#### Exercise goal
Repeat every record below, word for word.

^^^^^^^^

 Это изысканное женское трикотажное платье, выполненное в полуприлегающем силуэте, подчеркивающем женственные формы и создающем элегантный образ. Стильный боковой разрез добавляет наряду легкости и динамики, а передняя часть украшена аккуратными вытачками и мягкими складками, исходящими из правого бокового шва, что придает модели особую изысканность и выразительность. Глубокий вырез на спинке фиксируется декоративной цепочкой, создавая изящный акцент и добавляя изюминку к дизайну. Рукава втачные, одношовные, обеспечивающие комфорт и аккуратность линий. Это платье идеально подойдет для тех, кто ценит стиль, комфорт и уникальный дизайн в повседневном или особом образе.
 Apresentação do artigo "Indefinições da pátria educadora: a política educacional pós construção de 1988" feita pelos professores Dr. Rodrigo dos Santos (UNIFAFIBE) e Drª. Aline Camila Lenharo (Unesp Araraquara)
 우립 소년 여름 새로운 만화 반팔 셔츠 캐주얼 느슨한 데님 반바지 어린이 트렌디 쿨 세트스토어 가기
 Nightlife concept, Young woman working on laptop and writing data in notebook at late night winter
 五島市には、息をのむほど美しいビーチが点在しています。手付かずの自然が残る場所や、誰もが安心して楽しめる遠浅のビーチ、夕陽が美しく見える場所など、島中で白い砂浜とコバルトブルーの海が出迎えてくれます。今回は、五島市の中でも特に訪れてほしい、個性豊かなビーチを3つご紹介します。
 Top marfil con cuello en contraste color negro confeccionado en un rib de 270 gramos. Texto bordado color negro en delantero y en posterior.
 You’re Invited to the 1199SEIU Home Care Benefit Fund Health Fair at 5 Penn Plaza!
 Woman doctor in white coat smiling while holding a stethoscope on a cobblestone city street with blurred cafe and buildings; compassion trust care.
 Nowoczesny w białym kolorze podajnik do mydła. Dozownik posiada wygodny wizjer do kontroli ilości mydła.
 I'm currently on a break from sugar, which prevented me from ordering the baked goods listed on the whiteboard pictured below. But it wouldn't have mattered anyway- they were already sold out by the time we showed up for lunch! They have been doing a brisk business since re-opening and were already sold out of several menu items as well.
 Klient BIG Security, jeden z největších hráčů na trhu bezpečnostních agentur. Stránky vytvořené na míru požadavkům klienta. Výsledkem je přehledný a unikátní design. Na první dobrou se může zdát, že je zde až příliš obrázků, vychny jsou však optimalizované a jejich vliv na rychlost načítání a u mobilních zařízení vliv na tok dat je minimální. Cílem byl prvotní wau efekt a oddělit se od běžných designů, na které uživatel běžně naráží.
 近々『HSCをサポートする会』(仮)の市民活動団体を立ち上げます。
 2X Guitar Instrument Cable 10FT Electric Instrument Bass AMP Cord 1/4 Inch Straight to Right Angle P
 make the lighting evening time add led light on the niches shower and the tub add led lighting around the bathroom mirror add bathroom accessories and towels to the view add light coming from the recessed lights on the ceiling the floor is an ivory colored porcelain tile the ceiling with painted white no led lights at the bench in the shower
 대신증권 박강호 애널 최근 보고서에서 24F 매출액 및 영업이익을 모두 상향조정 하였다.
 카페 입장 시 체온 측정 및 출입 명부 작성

^^^^^^^^

#### Exercise response
 Это изысканное женское трикотажное платье, выполненное в полуприлегающем силуэте, подчеркивающем женственные формы и создающем элегантный образ. Стильный боковой разрез добавляет наряду легкости и динамики, а передняя часть украшена аккуратными вытачками и мягкими складками, исходящими из правого бокового шва, что придает модели особую изысканность и выразительность. Глубокий вырез на спинке фиксируется декоративной цепочкой, создавая изящный акцент и добавляя изюминку к дизайну. Рукава втачные, одношовные, обеспечивающие комфорт и аккуратность линий. Это платье идеально подойдет для тех, кто ценит стиль, комфорт и уникальный дизайн в повседневном или особом образе.
 Apresentação do artigo "Indefinições da pátria educadora: a política educacional pós construção de 1988" feita pelos professores Dr. Rodrigo dos Santos (UNIFAFIBE) e Drª. Aline Camila Lenharo (Unesp Araraquara)
 우립 소년 여름 새로운 만화 반팔 셔츠 캐주얼 느슨한 데님 반바지 어린이 트렌디 쿨 세트스토어 가기
 Nightlife concept, Young woman working on laptop and writing data in notebook at late night winter
 五島市には、息をのむほど美しいビーチが点在しています。手付かずの自然が残る場所や、誰もが安心して楽しめる遠浅のビーチ、夕陽が美しく見える場所など、島中で白い砂浜とコバルトブルーの海が出迎えてくれます。今回は、五島市の中でも特に訪れてほしい、個性豊かなビーチを3つご紹介します。
 Top marfil con cuello en contraste color negro confeccionado en un rib de 270 gramos. Texto bordado color negro en delantero y en posterior.
 You’re Invited to the 1199SEIU Home Care Benefit Fund Health Fair at 5 Penn Plaza!
 Woman doctor in white coat smiling while holding a stethoscope on a cobblestone city street with blurred cafe and buildings; compassion trust care.
 Nowoczesny w białym kolorze podajnik do mydła. Dozownik posiada wygodny wizjer do kontroli ilości mydła.
 I'm currently on a break from sugar, which prevented me from ordering the baked goods listed on the whiteboard pictured below. But it wouldn't have mattered anyway- they were already sold out by the time we showed up for lunch! They have been doing a brisk business since re-opening and were already sold out of several menu items as well.
 Klient BIG Security, jeden z největších hráčů na trhu bezpečnostních agentur. Stránky vytvořené na míru požadavkům klienta. Výsledkem je přehledný a unikátní design. Na první dobrou se může zdát, že je zde až příliš obrázků, vychny jsou však optimalizované a jejich vliv na rychlost načítání a u mobilních zařízení vliv na tok dat je minimální. Cílem byl prvotní wau efekt a oddělit se od běžných designů, na které uživatel běžně naráží.
 近々『HSCをサポートする会』(仮)の市民活動団体を立ち上げます。
 2X Guitar Instrument Cable 10FT Electric Instrument Bass AMP Cord 1/4 Inch Straight to Right Angle P
 make the lighting evening time add led light on the niches shower and the tub add led lighting around the bathroom mirror add bathroom accessories and towels to the view add light coming from the recessed lights on the ceiling the floor is an ivory colored porcelain tile the ceiling with painted white no led lights at the bench in the shower
 대신증권 박강호 애널 최근 보고서에서 24F 매출액 및 영업이익을 모두 상향조정 하였다.
 카페 입장 시 체온 측정 및 출입 명부 작성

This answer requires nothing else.